Claim 1 recites "in a large corpus, identifying geo-textual correlations among readings of 
. . . toponyms." The examiner appears to believe that Toshikazu discloses this, and directs our 
attention to a two-paragraph passage. The first paragraph reads as follows: 

Incidentally, there are varieties of calculation methods in terms of appearance frequency 
information of co-occurring words in plural texts. In FIG. 9, for example, the location 
of Chuo-ku" in the text 19 is not to be specified by referring to the referring link text 17, 
in which both co-occurring words "Tokyo" and "Osaka" appear. Consequently, according 
to the process (D), the analysis is performed referring to plural referring link texts. 
Additionally, even a linked text(s) is subject to the reference. Referring to the linked text 
20 as well as the referring link texts 17 and 18, it is turned out that the co-occurring 
words "Tokyo", "Kinki-Area", and "Kyoto" appear in the texts once respectively, and 
"Osaka" appears three times. Thus "Chuo-ku" can be taken as "Chuo-ku" in Osaka in 
recognition of that "Osaka" makes the most of appearance, fll [0079], emphasis added) 
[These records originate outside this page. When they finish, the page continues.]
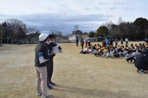 本日の昼放課に「予告なしの避難訓練」を実施しました。たくさんの児童が遊んでいた運動場に地震を知らせる放送が流れると、ざわめきが起こったあと、子どもたちは運動場の中心当たりに集まってしゃがみ始めました。ろう下にいた 低学年の子たちは、上級生の避難の様子を見て、同じように安全な場所で座ったり、低い姿勢をとったりしていました。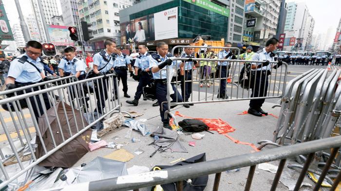 هونغ كونغ - أ ف ب: أصيب العديد من المتظاهرين المطالبين بالديموقراطية في هونغ كونغ بجروح صباح الأحد خلال محاولة الشرطة تفريقهم بالقوة، كما افادت مصادر متطابقة.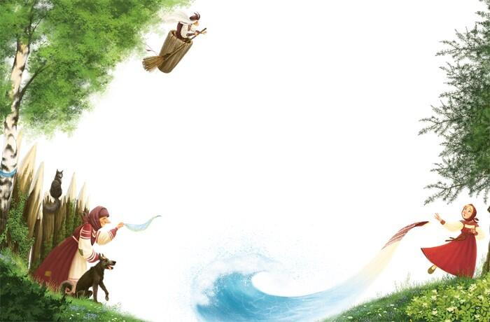 А девочка приложила ухо к земле и слышит, что Баба-яга за ней гонится и уже настигает её. Бросила поскорее девочка полотенце. Полотенце растянулось, и разлилась река широкая и глубокая.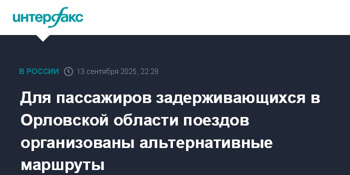 Москва. 13 сентября. INTERFAX.RU - Альтернативные маршруты организованы для пассажиров поездов, задерживающихся в результате детонации взрывного устройства на ж/д путях в Орловской области, сообщает Московская железная дорога в субботу.
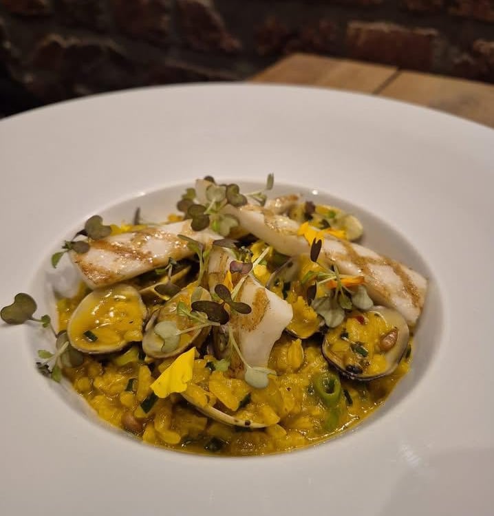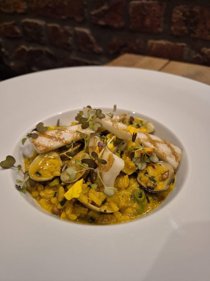 Risotto au safran, calamars grillés, chaire de palourde, herbes fraiches et croutons *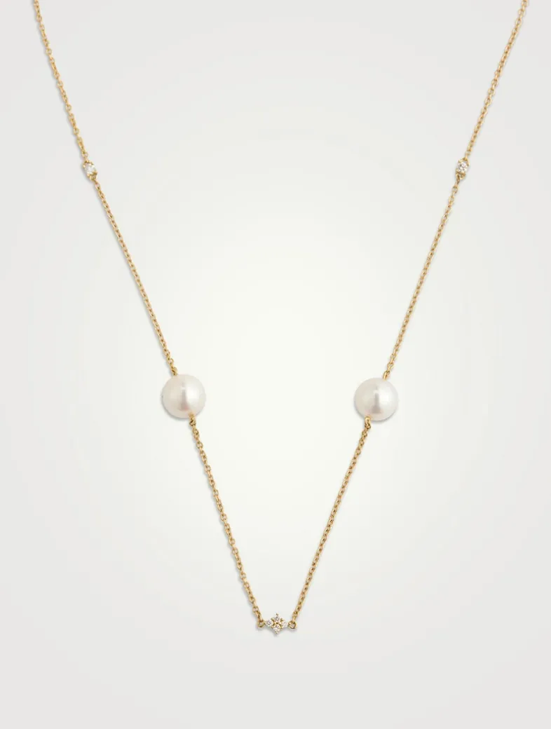 Comprised of timeless, jewellery box staples, our Classic collection is designed to last through the generations. Featuring lustrous Akoya pearls and scintillating diamonds set on a delicate 18k white gold chain, this necklace is elegant and sophisticated.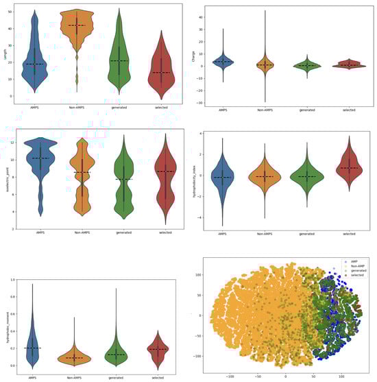 As shown in Figure 4, we analyzed and compared the physicochemical properties of real AMPs, non-AMPs, generated AMPs, and the top 50 peptides with the highest number of predicted functions. The evaluated features included sequence length, net charge, isoelectric point, hydrophobicity index, hydrophobic moment, and a t-SNE projection derived from these properties.

But this paragraph does not disclose identifying geo-textual correlations in a large corpus of 
documents. The term "geo-textual correlations" implies a statistical analysis of a corpus of 
documents - typically a large corpus to make the statistical observations meaningful. Toshikazu 
does not perform any kind of statistical analysis of a corpus of documents to generate any 
correlations. Rather, Toshikazu's method involves resolving the ambiguity in the meaning of a 
location name by counting the frequencies of the appearance of co-occurring words, which he 
retrieves from a "named entity dictionary." (Fig. 7). The named entity dictionary is assembled 
by methods referred to in Toshikazu's background section, which include using pre-existing 
databases populated by various methods of extracting proper nouns. (See, e.g., f [0008].) But 
none of these methods, nor anything mentioned in the above paragraph disclose performing a 
statistical analysis on a large corpus of documents to identify geo-textual correlations among 
readings of the toponyms, as required by the claim. Indeed, Toshikazu has no need for carrying 
out such statistical analyses because he already has the data he needs in the form of his named 
entity table, which he compiles from pre-existing databases. 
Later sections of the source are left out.